=== PROVIDED DATA ===
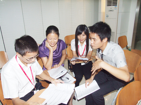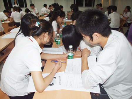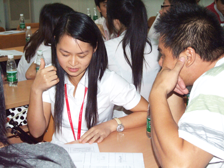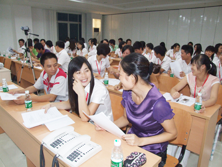 上半節的課程結束后,下半節課程主要由全體學員自由演練。學員們每四人分為一組分角色扮演,現場情景演練,同時對每一個情景邀請了臺下的小組上臺為大家表演,幽默的情景劇讓學習現場笑聲不斷,老師又把大家從表演的細節觀察中引入到學習里,通過大家在臺上的現場表演,臺下的觀眾踴躍提出問題。在工作中沒有注意到的細節問題都一一被現場的學員現場指正出來,整個學習氣氛非常活躍。
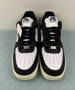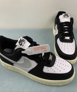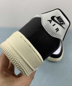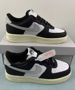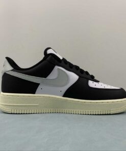 This offering of the Nike Air Force 1 Low comes constructed in a full leather build with perforations for breathability and mesh tongues and lining. It features a White upper with Black overlays, laces and inner lining detailed with Grey Swooshes and heel tabs. Black branding on the tongue labels, heels, and insoles atop a solid Sail AF1 rubber sole completes the design.
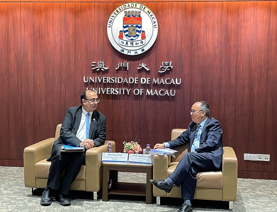 聯合國教科文組織駐華代表處代表夏澤翰(Shahbaz Khan)今(12)日率代表團訪問澳門大學,獲澳大校長宋永華熱情接待並進行座談交流。夏澤翰亦以“聯合國教科文組織在可持續發展中的作用”為題在澳大進行演講。
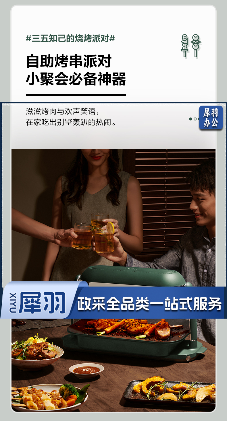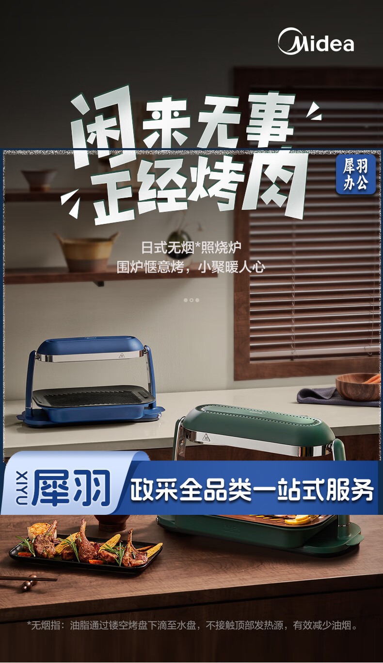 美的 Midea日式照烧炉烧烤炉家用电无烟烤串机烧烤锅烧烤盘室内韩式烤肉(蓝色)PT06B3
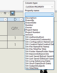Choose a property (e.g., Description, Material, Weight, Vendor) from the Property name dropdown. This will pull from the assembly/part file's custom/configuration specific file properties.
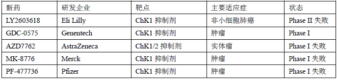 ChK是checkpoint kinase的缩写,有ChK1和ChK2两种亚型,是细胞周期的关键调控子。多家药企开发ChK1抑制剂用于治疗肿瘤,但大多在早期临床研究失败,目前Genentech的GDC-0575正在进行I期临床研究。

=== EXERCISE DETAILS ===
From the line that contains "聯合國教科文組織駐華代表處代" to the end of the listing, give every line again exactly as written. Leave the pictures out.

=== REPLY ===
 聯合國教科文組織駐華代表處代表夏澤翰(Shahbaz Khan)今(12)日率代表團訪問澳門大學,獲澳大校長宋永華熱情接待並進行座談交流。夏澤翰亦以“聯合國教科文組織在可持續發展中的作用”為題在澳大進行演講。
 美的 Midea日式照烧炉烧烤炉家用电无烟烤串机烧烤锅烧烤盘室内韩式烤肉(蓝色)PT06B3
Choose a property (e.g., Description, Material, Weight, Vendor) from the Property name dropdown. This will pull from the assembly/part file's custom/configuration specific file properties.
 ChK是checkpoint kinase的缩写,有ChK1和ChK2两种亚型,是细胞周期的关键调控子。多家药企开发ChK1抑制剂用于治疗肿瘤,但大多在早期临床研究失败,目前Genentech的GDC-0575正在进行I期临床研究。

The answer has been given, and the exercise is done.